__Problem to solve__. Copy out all of the data word for word. Omit every picture.

__Data section__.
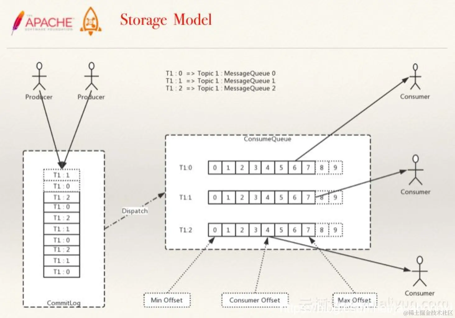 - CommitLog:是消息主体以及元数据的存储主体,对CommitLog建立一个ConsumeQueue,每个ConsumeQueue对应一个(概念模型中的)MessageQueue,所以只要有 CommitLog在,ConsumeQueue即使数据丢失,仍然可以恢复出来。
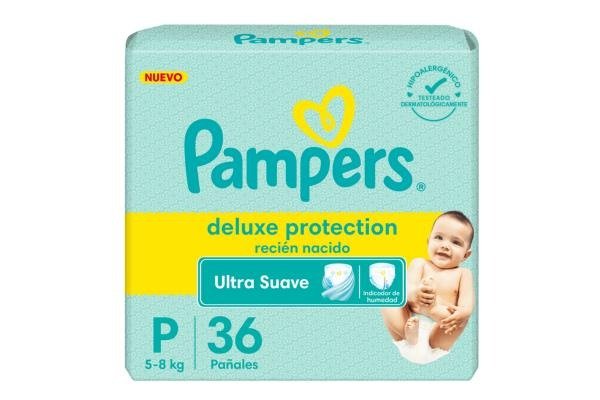 > P (Pequeño): x 36 pañales. Peso de 5 kg a 8 kg.
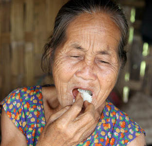 Laos woman eating rice
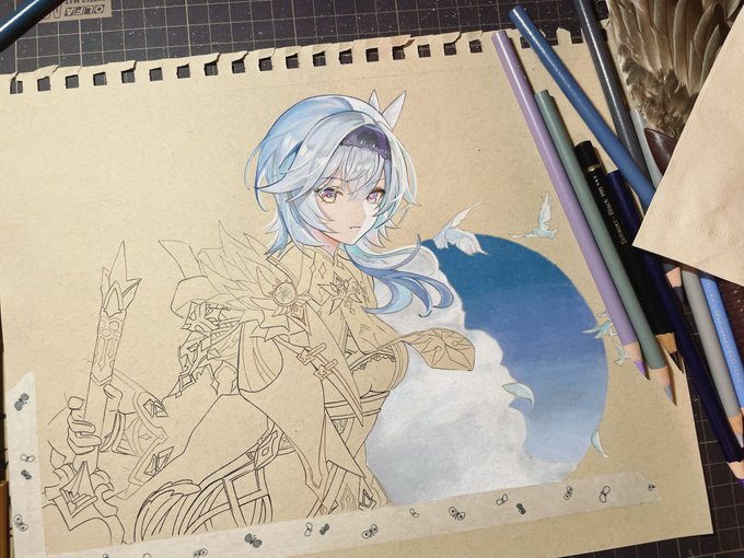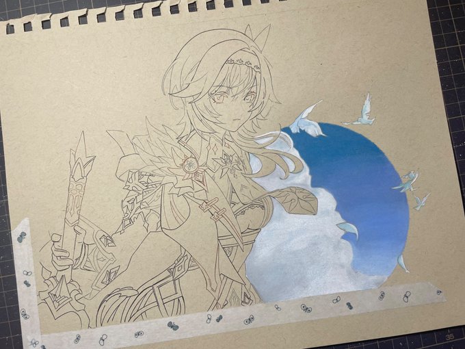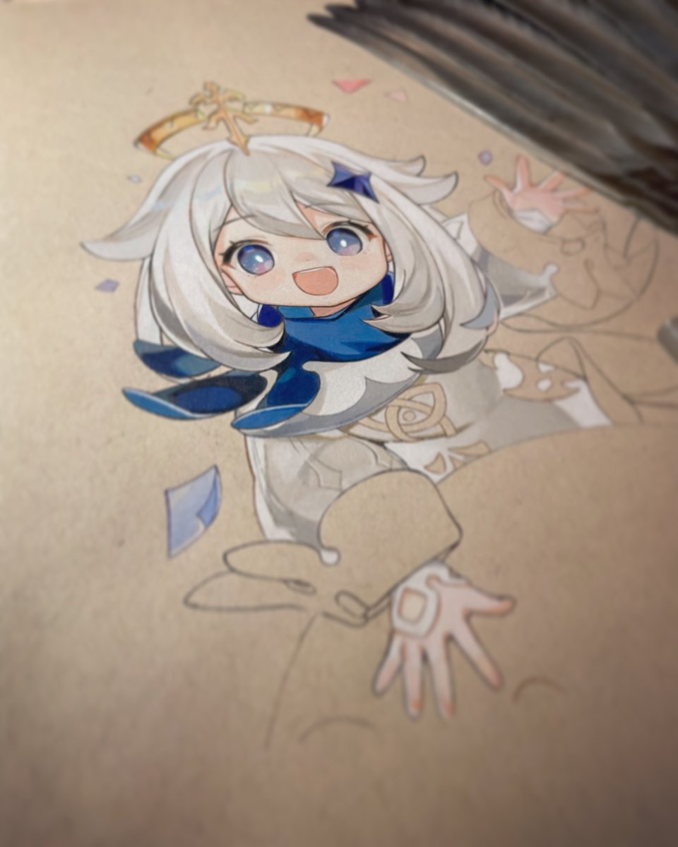 毎日ちょびちょびっとしか進まない😇 #wip #genshin #Paimon #色鉛筆 #模写
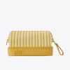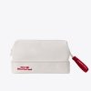 A spill-proof bag for all the bottles. tubes. jars and sprays your getting-ready routine requires. What we love most about this kit—besides its pair of organizational compartments—is the clever loop to hang from towel hooks so you can keep all your lotions and potions from falling off that tiny hotel vanity situation.
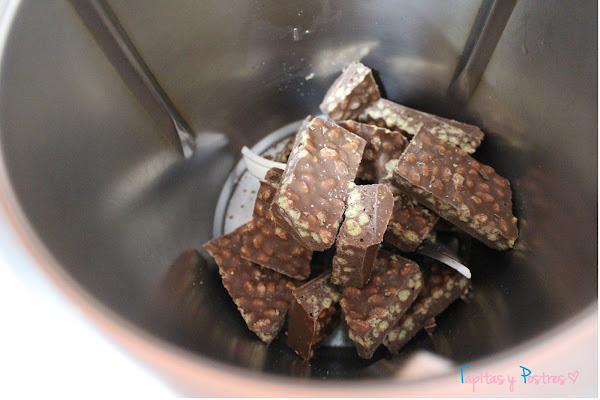 La primera capa es con turrón de chocolate crujiente. Lo trituramos.
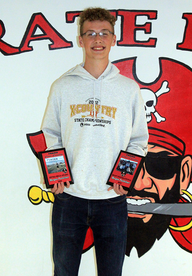 Cross Country Awards Banquet held ![]() The Prairie Cross Country team gives out two year end awards, Most Inspirational, which is voted on by all of the athletes, and The Extra Mile Award, chosen by the coaches. Morgan Poxleitner was awarded both of them. ![]() The Cross Country team did their chant they use to get themselves fired up for competition one last time at the awards banquet last Wednesday evening. Morgan Poxleitner, the only senior, came up with the chant early in the season. |
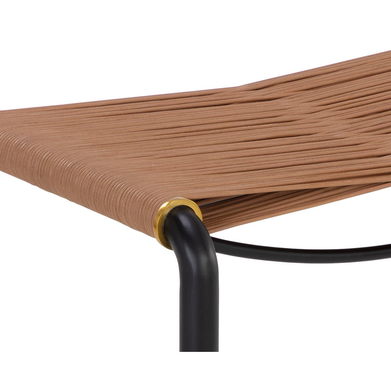 An intriguing stool that is designed with attention to detail. Features a tan leather cord seat with a black steel frame. Powder coated gold accents complete the look. A stunning addition to foyer, living and bedroom spaces. Made in India. With refined craftsmanship, this design was brought to life by skilled local artisans. By nature, these materials develop unique imperfections such as fissures, markings and colour variations for a truly one-of-a-kind piece.
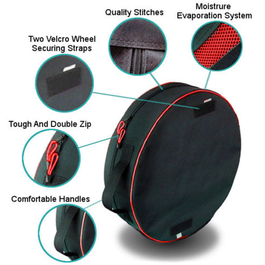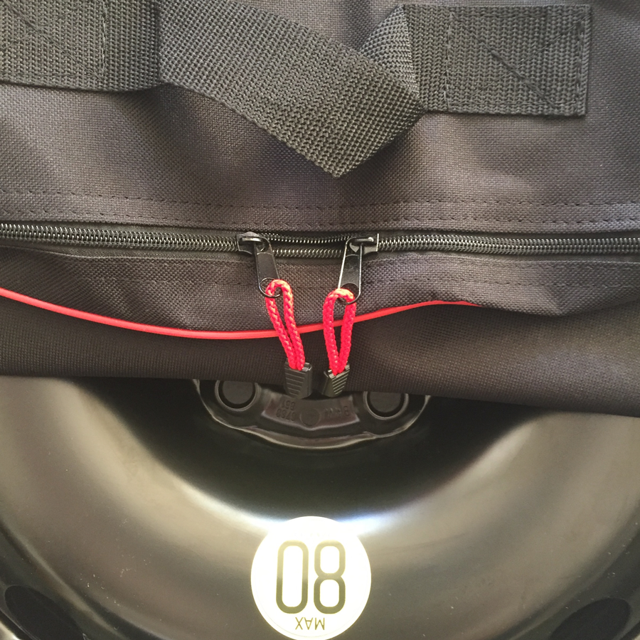 Wielhoes: opbergzak/draagzak van sterk nylon.
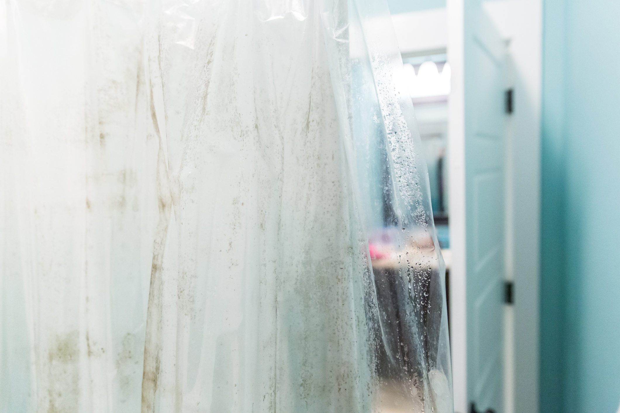 One of the biggest eyesores is a moldy shower curtain. A Magic Eraser can be the first step in getting your shower curtain clean. Another thing you can do is soak the shower curtain in a tub full of hot water and a cup or two of white vinegar to help kill mildew and mold stains.

__Answer space__.
 - CommitLog:是消息主体以及元数据的存储主体,对CommitLog建立一个ConsumeQueue,每个ConsumeQueue对应一个(概念模型中的)MessageQueue,所以只要有 CommitLog在,ConsumeQueue即使数据丢失,仍然可以恢复出来。
 > P (Pequeño): x 36 pañales. Peso de 5 kg a 8 kg.
 Laos woman eating rice
 毎日ちょびちょびっとしか進まない😇 #wip #genshin #Paimon #色鉛筆 #模写
 A spill-proof bag for all the bottles. tubes. jars and sprays your getting-ready routine requires. What we love most about this kit—besides its pair of organizational compartments—is the clever loop to hang from towel hooks so you can keep all your lotions and potions from falling off that tiny hotel vanity situation.
 La primera capa es con turrón de chocolate crujiente. Lo trituramos.
 Cross Country Awards Banquet held ![]() The Prairie Cross Country team gives out two year end awards, Most Inspirational, which is voted on by all of the athletes, and The Extra Mile Award, chosen by the coaches. Morgan Poxleitner was awarded both of them. ![]() The Cross Country team did their chant they use to get themselves fired up for competition one last time at the awards banquet last Wednesday evening. Morgan Poxleitner, the only senior, came up with the chant early in the season. |
 An intriguing stool that is designed with attention to detail. Features a tan leather cord seat with a black steel frame. Powder coated gold accents complete the look. A stunning addition to foyer, living and bedroom spaces. Made in India. With refined craftsmanship, this design was brought to life by skilled local artisans. By nature, these materials develop unique imperfections such as fissures, markings and colour variations for a truly one-of-a-kind piece.
 Wielhoes: opbergzak/draagzak van sterk nylon.
 One of the biggest eyesores is a moldy shower curtain. A Magic Eraser can be the first step in getting your shower curtain clean. Another thing you can do is soak the shower curtain in a tub full of hot water and a cup or two of white vinegar to help kill mildew and mold stains.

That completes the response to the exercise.